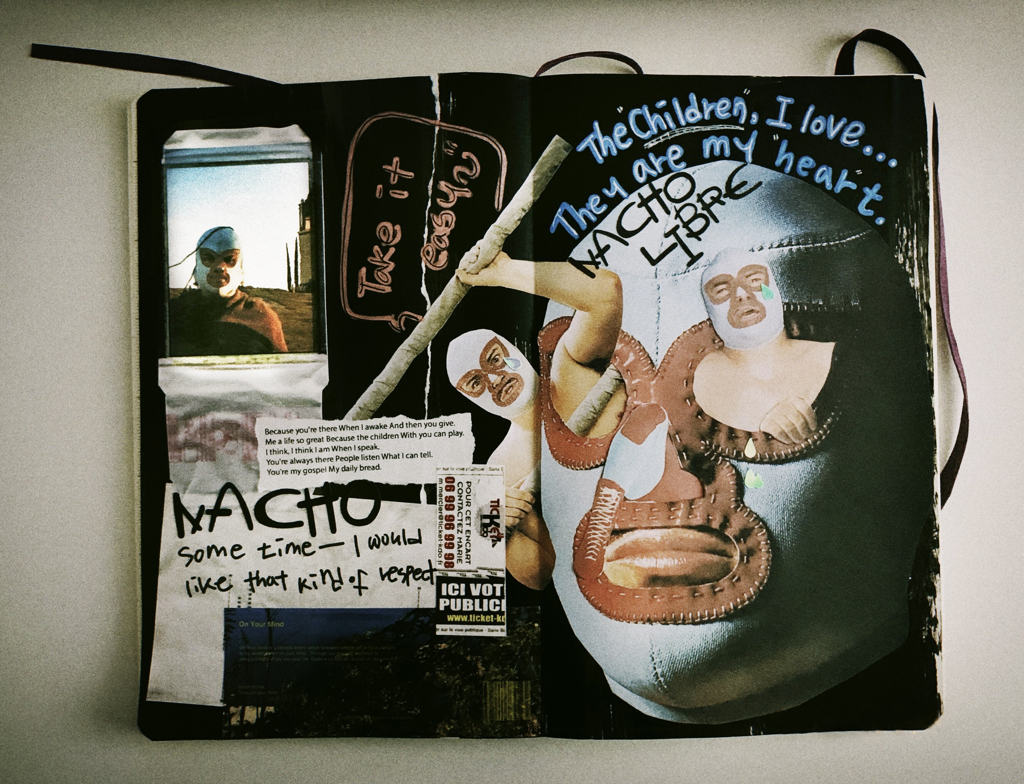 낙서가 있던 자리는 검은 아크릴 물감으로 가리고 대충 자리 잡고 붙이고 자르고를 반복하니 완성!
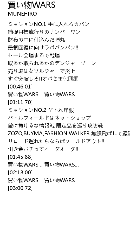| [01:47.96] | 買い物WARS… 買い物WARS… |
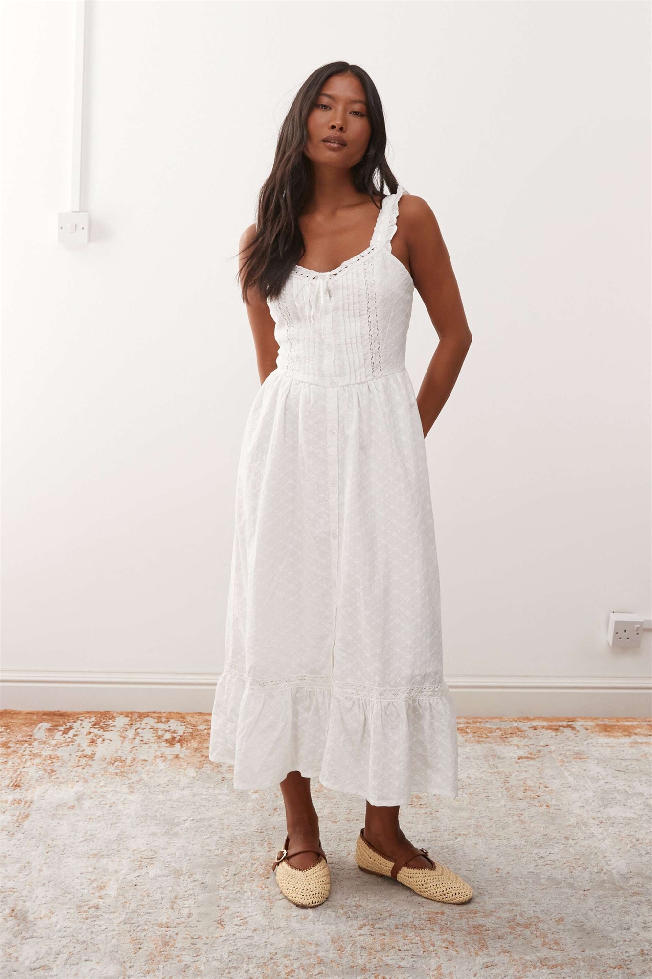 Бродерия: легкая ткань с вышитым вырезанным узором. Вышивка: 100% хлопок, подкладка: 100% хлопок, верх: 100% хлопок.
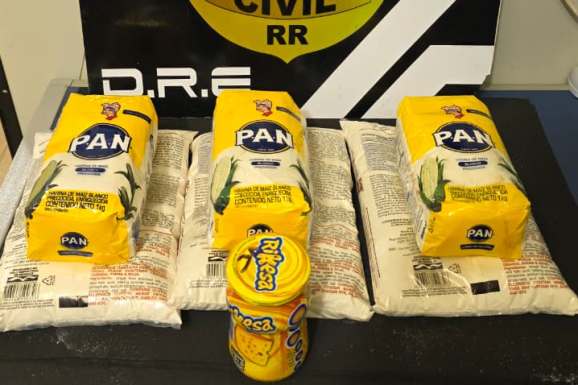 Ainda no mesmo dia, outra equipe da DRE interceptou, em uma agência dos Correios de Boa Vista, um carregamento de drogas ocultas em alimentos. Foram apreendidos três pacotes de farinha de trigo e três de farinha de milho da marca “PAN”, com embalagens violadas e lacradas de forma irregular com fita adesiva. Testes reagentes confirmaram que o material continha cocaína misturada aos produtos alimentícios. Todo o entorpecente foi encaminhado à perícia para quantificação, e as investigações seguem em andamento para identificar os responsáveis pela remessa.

## WHAT THE TASK ASKS
Exclude the pictures, and transcribe all of the material exactly.

## RESPONSE BOX
 낙서가 있던 자리는 검은 아크릴 물감으로 가리고 대충 자리 잡고 붙이고 자르고를 반복하니 완성!
| [01:47.96] | 買い物WARS… 買い物WARS… |
 Бродерия: легкая ткань с вышитым вырезанным узором. Вышивка: 100% хлопок, подкладка: 100% хлопок, верх: 100% хлопок.
 Ainda no mesmo dia, outra equipe da DRE interceptou, em uma agência dos Correios de Boa Vista, um carregamento de drogas ocultas em alimentos. Foram apreendidos três pacotes de farinha de trigo e três de farinha de milho da marca “PAN”, com embalagens violadas e lacradas de forma irregular com fita adesiva. Testes reagentes confirmaram que o material continha cocaína misturada aos produtos alimentícios. Todo o entorpecente foi encaminhado à perícia para quantificação, e as investigações seguem em andamento para identificar os responsáveis pela remessa.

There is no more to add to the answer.